DIRECTIONS >> Restate the data below word for word, omitting pictures.

AVAILABLE DATA >>

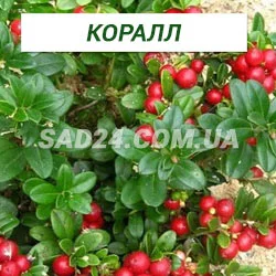 Брусниця Корал (Coralle) - це маленький вічно-зелений чагарник (до 30 см). Кущ має кулясту дуже декоративну форму з чудовими ягодами, що плодоносить два рази на рік. Цей сорт вважається одним із найврожайніших. Ягоди брусниці середнього розміру (вага 0,3-0,5 г) кисло-солодкого смаку. Плодоносить у серпні та другій половині вересня. На всіх саджанцях є плоди.
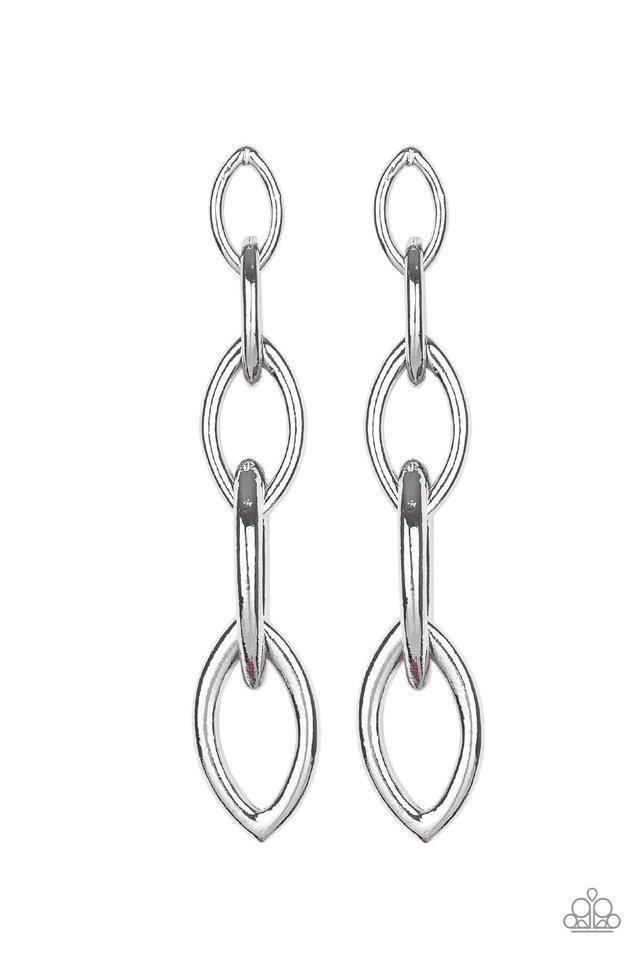 Featuring a high-sheen finish, glistening silver links gradually increase in size as they trickle from the ear for an edgy look. Earring attaches to a standard post fitting.
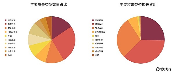 从数量来看,公链的攻击类型主要为:黑客攻击、资产被盗、安全漏洞、闪电贷攻击和诈骗,其对应占比为:46.1%、30.7 %、23%、15.4%、15.4%。从损失金额来看,黑客攻击造成损失最高,为1.67亿美元,占比60.1%;安全漏洞造成损失位居第二,为1.31亿美元,占比46.7%。(注:部分项目遭受多种类型攻击)

WRITTEN ANSWER >>
 Брусниця Корал (Coralle) - це маленький вічно-зелений чагарник (до 30 см). Кущ має кулясту дуже декоративну форму з чудовими ягодами, що плодоносить два рази на рік. Цей сорт вважається одним із найврожайніших. Ягоди брусниці середнього розміру (вага 0,3-0,5 г) кисло-солодкого смаку. Плодоносить у серпні та другій половині вересня. На всіх саджанцях є плоди.
 Featuring a high-sheen finish, glistening silver links gradually increase in size as they trickle from the ear for an edgy look. Earring attaches to a standard post fitting.
 从数量来看,公链的攻击类型主要为:黑客攻击、资产被盗、安全漏洞、闪电贷攻击和诈骗,其对应占比为:46.1%、30.7 %、23%、15.4%、15.4%。从损失金额来看,黑客攻击造成损失最高,为1.67亿美元,占比60.1%;安全漏洞造成损失位居第二,为1.31亿美元,占比46.7%。(注:部分项目遭受多种类型攻击)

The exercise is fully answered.